In the present study we advanced the hypothesis that information contained in single-channel vibration signals recorded from a finger in sliding contact with another finger, or with a forearm, contained information that would enable the discrimination between self-touch and touching another person. In the foregoing, we show that certain supervised machine classifiers can achieve a very high level of success in deciding whether tactile vibrations came from self-touch or from other-touch (touching another person).

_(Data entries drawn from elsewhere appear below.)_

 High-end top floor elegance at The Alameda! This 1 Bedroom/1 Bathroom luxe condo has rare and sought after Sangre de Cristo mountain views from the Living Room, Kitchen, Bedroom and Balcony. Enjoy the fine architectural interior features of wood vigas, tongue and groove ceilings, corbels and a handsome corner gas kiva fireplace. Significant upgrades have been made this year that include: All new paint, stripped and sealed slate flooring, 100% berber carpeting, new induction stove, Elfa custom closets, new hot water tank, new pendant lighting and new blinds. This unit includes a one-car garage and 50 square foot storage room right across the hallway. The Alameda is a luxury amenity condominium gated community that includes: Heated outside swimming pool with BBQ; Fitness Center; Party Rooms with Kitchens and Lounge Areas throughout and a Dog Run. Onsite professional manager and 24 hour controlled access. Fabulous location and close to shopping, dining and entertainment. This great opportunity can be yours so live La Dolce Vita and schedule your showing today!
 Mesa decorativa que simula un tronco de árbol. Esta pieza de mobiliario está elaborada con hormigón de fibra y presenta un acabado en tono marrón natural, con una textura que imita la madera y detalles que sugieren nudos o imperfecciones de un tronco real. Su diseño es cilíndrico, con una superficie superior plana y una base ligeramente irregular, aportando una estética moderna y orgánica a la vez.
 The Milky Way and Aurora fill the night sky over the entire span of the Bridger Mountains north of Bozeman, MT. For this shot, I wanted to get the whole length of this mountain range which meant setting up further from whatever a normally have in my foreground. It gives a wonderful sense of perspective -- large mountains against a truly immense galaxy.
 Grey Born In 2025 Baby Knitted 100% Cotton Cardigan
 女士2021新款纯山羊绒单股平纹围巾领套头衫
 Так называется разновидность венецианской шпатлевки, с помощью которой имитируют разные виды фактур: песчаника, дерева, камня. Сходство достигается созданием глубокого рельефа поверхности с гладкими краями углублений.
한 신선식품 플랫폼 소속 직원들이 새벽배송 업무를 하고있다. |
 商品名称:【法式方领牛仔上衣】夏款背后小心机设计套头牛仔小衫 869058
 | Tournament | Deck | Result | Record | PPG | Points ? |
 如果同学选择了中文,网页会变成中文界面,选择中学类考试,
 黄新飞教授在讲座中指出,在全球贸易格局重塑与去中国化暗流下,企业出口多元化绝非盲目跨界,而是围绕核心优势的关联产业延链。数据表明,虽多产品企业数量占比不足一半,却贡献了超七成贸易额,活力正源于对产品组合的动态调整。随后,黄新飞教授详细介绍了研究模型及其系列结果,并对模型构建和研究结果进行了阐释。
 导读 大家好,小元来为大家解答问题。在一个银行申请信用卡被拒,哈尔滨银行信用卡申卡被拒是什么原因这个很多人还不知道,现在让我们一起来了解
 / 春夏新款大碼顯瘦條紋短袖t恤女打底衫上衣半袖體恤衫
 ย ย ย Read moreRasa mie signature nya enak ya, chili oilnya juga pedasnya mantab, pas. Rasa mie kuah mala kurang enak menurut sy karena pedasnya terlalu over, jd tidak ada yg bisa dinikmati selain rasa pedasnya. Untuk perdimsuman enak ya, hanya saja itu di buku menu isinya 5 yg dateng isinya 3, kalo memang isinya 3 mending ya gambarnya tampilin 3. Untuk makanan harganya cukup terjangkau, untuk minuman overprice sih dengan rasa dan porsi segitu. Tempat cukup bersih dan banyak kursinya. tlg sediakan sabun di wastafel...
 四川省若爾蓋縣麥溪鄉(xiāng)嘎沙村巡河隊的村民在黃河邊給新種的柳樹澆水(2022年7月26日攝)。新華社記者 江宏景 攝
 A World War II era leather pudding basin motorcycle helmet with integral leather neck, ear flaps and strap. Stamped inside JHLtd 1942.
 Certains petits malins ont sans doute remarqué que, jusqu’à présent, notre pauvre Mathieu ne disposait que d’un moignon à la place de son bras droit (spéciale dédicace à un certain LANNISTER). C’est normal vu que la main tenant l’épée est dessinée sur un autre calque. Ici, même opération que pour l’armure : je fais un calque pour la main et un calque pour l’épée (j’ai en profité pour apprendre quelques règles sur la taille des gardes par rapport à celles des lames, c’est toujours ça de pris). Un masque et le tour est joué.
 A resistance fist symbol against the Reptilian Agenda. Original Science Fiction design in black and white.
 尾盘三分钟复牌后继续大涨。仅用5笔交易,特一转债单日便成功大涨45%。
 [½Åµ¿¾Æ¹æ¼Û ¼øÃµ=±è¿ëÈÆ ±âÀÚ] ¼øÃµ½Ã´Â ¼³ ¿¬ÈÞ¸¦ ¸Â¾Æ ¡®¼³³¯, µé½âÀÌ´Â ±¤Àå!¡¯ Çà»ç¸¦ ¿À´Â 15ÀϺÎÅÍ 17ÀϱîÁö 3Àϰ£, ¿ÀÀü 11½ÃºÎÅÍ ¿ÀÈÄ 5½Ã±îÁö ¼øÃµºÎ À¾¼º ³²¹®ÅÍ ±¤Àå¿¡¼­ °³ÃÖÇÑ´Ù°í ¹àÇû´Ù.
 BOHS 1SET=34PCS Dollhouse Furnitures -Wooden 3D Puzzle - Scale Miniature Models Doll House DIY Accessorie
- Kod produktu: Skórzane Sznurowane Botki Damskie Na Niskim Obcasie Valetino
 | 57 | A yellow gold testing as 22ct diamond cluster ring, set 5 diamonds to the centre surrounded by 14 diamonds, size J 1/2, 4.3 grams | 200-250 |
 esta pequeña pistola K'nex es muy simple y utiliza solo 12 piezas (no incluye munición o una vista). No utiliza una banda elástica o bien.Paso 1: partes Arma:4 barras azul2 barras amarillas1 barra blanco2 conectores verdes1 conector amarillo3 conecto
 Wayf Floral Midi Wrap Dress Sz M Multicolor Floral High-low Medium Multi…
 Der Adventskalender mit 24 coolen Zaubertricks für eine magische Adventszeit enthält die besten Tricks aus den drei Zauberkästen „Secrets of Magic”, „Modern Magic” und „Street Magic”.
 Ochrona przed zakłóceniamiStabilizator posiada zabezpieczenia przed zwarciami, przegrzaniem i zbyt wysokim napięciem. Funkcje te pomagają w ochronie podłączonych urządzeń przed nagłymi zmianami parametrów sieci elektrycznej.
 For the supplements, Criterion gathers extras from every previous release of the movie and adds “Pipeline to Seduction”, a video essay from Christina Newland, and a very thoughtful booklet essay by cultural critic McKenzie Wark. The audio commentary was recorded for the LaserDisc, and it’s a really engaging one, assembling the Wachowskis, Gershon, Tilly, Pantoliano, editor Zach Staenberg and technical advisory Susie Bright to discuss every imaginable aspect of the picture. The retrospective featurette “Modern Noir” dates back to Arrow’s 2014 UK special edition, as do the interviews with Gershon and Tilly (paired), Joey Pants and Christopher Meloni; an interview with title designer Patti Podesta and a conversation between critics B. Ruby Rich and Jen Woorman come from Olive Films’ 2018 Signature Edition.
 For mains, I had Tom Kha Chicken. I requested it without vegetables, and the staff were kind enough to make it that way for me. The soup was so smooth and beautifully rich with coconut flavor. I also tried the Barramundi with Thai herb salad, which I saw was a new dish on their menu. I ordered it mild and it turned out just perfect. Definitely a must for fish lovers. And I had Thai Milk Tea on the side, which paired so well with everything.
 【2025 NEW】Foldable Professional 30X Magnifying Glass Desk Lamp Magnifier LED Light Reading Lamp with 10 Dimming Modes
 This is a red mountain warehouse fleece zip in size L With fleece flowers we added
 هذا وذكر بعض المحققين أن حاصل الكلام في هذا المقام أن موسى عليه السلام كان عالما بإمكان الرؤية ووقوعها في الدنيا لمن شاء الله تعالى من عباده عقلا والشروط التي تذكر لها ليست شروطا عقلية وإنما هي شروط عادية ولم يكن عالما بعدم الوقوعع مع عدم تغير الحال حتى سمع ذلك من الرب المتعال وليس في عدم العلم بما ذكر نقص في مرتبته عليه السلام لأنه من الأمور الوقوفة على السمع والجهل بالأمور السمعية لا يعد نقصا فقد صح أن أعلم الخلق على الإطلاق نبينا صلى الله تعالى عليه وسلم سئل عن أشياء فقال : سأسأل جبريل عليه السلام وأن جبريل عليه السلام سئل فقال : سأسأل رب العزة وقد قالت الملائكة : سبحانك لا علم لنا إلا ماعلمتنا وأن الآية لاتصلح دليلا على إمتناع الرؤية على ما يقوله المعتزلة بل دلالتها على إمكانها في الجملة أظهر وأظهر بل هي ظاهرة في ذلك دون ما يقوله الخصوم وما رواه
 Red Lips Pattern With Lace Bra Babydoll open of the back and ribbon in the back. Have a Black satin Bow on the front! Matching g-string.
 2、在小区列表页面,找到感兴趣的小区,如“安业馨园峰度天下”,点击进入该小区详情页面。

Supervised machine classifiers trained models through ground-truth labels which are indicated here by self and other. Our findings could contribute to the study of behaviour in many domains, chief among them is the study of the role of touch in social interactions and investigations related to cognitive conditions such as autism or schizophrenia where self/other touch discrimination might be impaired [8, 31]. It also bears the intriguing conclusion that the determining factors differentiating self from ordinary touch are not limited to a unique convergence of sensory and motor signals [3, 14, 15, 23] but that the tactile inputs per se contain cues that are special to self-touch.

1.2 Signal Database

A key attribute of the database is that it included signals recorded in similar conditions of pressure and speed during self-touch but also when touching another person. The vibrations recorded from a finger sliding on skin clearly depended on the pressure applied and on the sliding speed [17]. On this account, it would be surprising if machine learning classifiers were not able to discriminate between categories of intensity or speed. In fact, the multichannel whole-hand recordings described in [29] contained sufficient information to enable a support vector machine classifier to categorise twelve different tactile gestures, three types of materials, as well as the shape of the objects being touched.

1.3 Feature Extraction

Since the data at hand were available in form of time-dependent signals arising from mechanical interactions between objects in contact, it stands to reason that techniques developed to classify sounds would also be appropriate to classify signals arising from sliding fingers. A first option was to train and then to test classifiers using raw data. Another possibility was to extract domain knowledge features from the signals.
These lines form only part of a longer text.